Rick is officially broken here, and it smarts – but is also kind of earned.

Tara: Andrew Lincoln's face screamed "Oh S-t!" from every pore and it was harrowing. We've been waiting for Rick's dose of reality but seeing it play out was the definition of sobering.

But for me, my moment was Morgan pulling a trigger for Carol and then the poor man's Renaissance riders coming to save them. As I mentioned before, the Kingdom storyline only broadens the TV world in a really interesting way because there's the rest of Alexandria (and tough stuff Father Gabriel) waiting, along with Hilltop in the mix now. The new world order is expanding and it's not all according to Negan's rules so that's got me excited for Season 7.


Aaron: There was a lot to like in this season finale. Morgan on a horse – eventually off to the Kingdom with Carol? – reminding us of a simpler time when Rick rode through Atlanta on his own steed; Father Gabriel left as a newly minted warrior and watcher on the wall; the entire Team Rick brought to their knees (literally). Still, that ending left me groaning and irritated. So much hit the perfect note, and Jeffrey Dean Morgan is chewing scenery as one of the most interesting new characters we’ve seen on this show in a long time (even though he’s so camp).

But, damn. The series did not stick the landing with the final moments. By teasing us for so long and not delivering on a payoff, the show throws a huge cheat that negatively taints the entire episode for me. 

Tara: Melissa McBride and Lennie James made this episode for me. McBride's face when she told Morgan about the price to pay for loving people in this world, her begging him to leave her, and then when she admits she hasn't paid enough for her sins as she got shot, was incredible work.

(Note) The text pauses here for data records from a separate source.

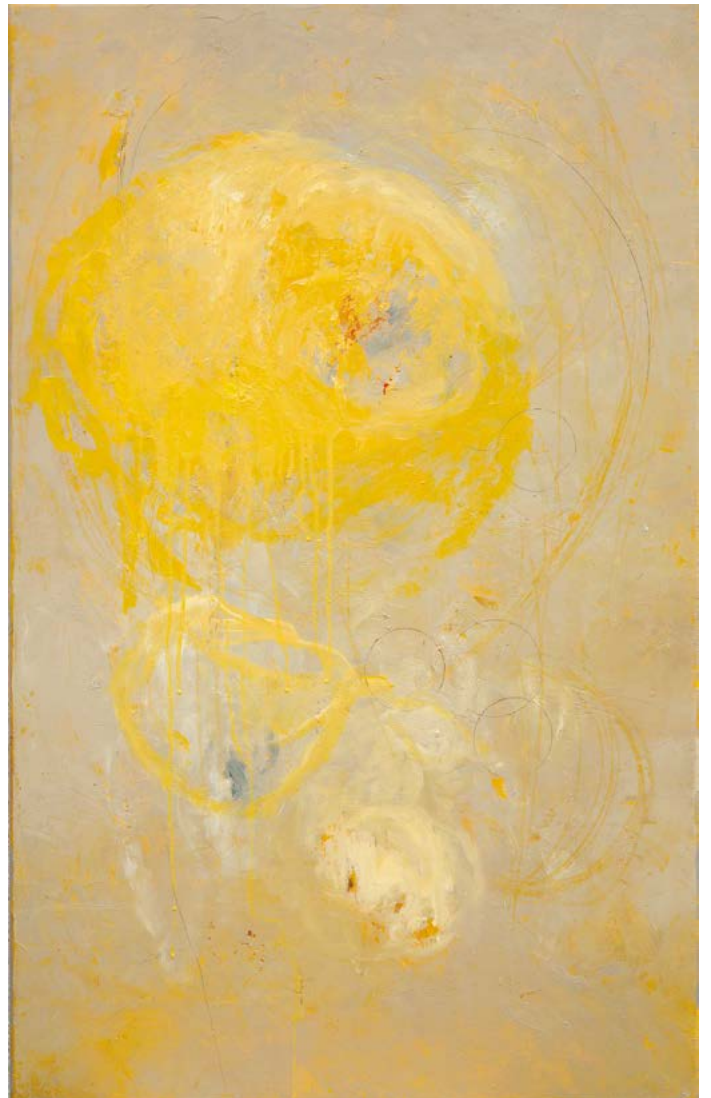
Tremblement huile sur toile, 100cm x 65cm - 2019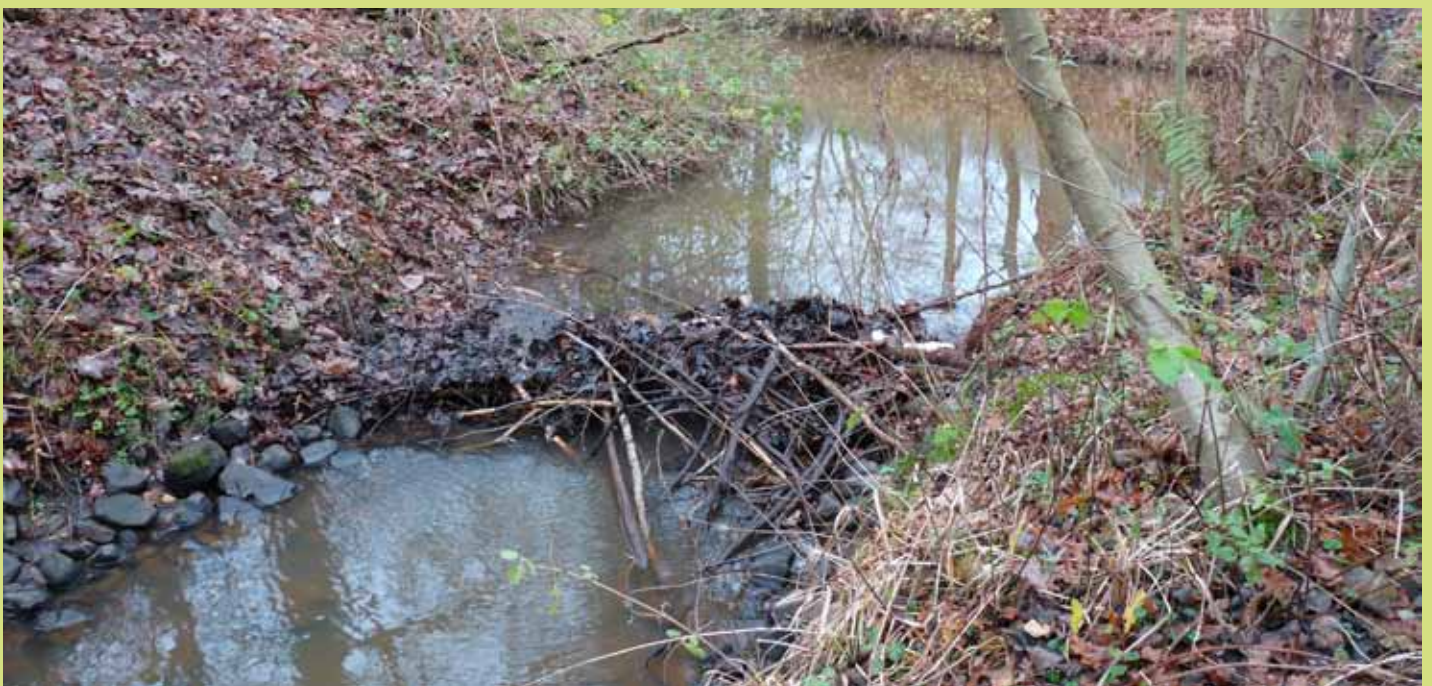
Leudal: Bevers hebben eind 2009 een poging ondernomen om een dam te bouwen in het Leudal. Helaas voor de bevers kon de dam door het geweld van de sneeuw (en daardoor veel afvoerend water) geen stand houden. Maar hierbij een leuke foto!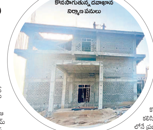
కొనసాగుతున్న దవాఖాన నిర్మాణ పనులు

భీమగల్, ఆక్టోబర్ 18: భీమగల్ ఒకప్పుడు నిజాంబాద్ జిల్లాలో మేజర్ గ్రామ పంచాయతీ. సమస్యలతో సామాన్యం చేస్తున్న జీవితం. రోజురోజుకూ పెరుగుతున్న పట్టణ విస్తరణతో మౌలిక వసతుల కల్పన లేమి కొట్టిబిచ్చినట్లు ఉండేది. దీంతో స్థానిక ఎమ్మెల్యే అయిన రాష్ట్ర రోడ్డు, భవనాలు, గృహనిర్మాణ శాఖ మంత్రి వేముల ప్రశాంత్ రెడ్డి.. భీమగల్ అభివృద్ధికి ప్రణాళికలు రూపొందించారు. జనాభా ఎక్కువగా ఉన్న భీమగల్ ను మున్సిపాలిటీగా మార్చి నిధుల కొరత ఉండడనే ఉద్దేశంతో సీఎం కేసీఆర్, మంత్రి కేటీఆర్ సహకారంతో పురపాలక ఏర్పాటు చేయించారు. దీంతో అప్పటి నుంచి భీమగల్ దశ మారింది. తెలంగాణ అర్బన్ మైన్స్ ఇన్ ఫ్రాస్ట్రక్చర్ అండ్ డెవలప్ మెంట్ కార్పొరేషన్ ద్వారా మౌలిక వసతుల కల్పనకు రూ. 35 కోట్ల నిధులను మంజూరు చేయించారు. వాటితో సీసీ రోడ్లు, డ్రైనేజీలు, బీటీ రోడ్లు తదితర పనులను ప్రారంభించారు. ఆ పనులు 90 శాతం పూర్తయ్యాయి.

Carol is still a force and this show needs her. The same goes for Morgan. Being compelled to kill changes him, yet again, and I want to see what that looks like.

Overall, the end was far too much build up for little return. Negan had his moment but it could have been more potent, especially by giving us who he chose. Telling us that and then coming back in Season 7 with the repercussions of who died doesn't undercut what happened in the finale. In fact, it allows us to ruminate on that death's deeper impact on the characters all summer, instead of the shallow guessing game of who lives. 

What did you think of "The Last Day on Earth"? Did Season 6 go out with a bang or a whimper? And who do you think was on the wrong end of Lucille?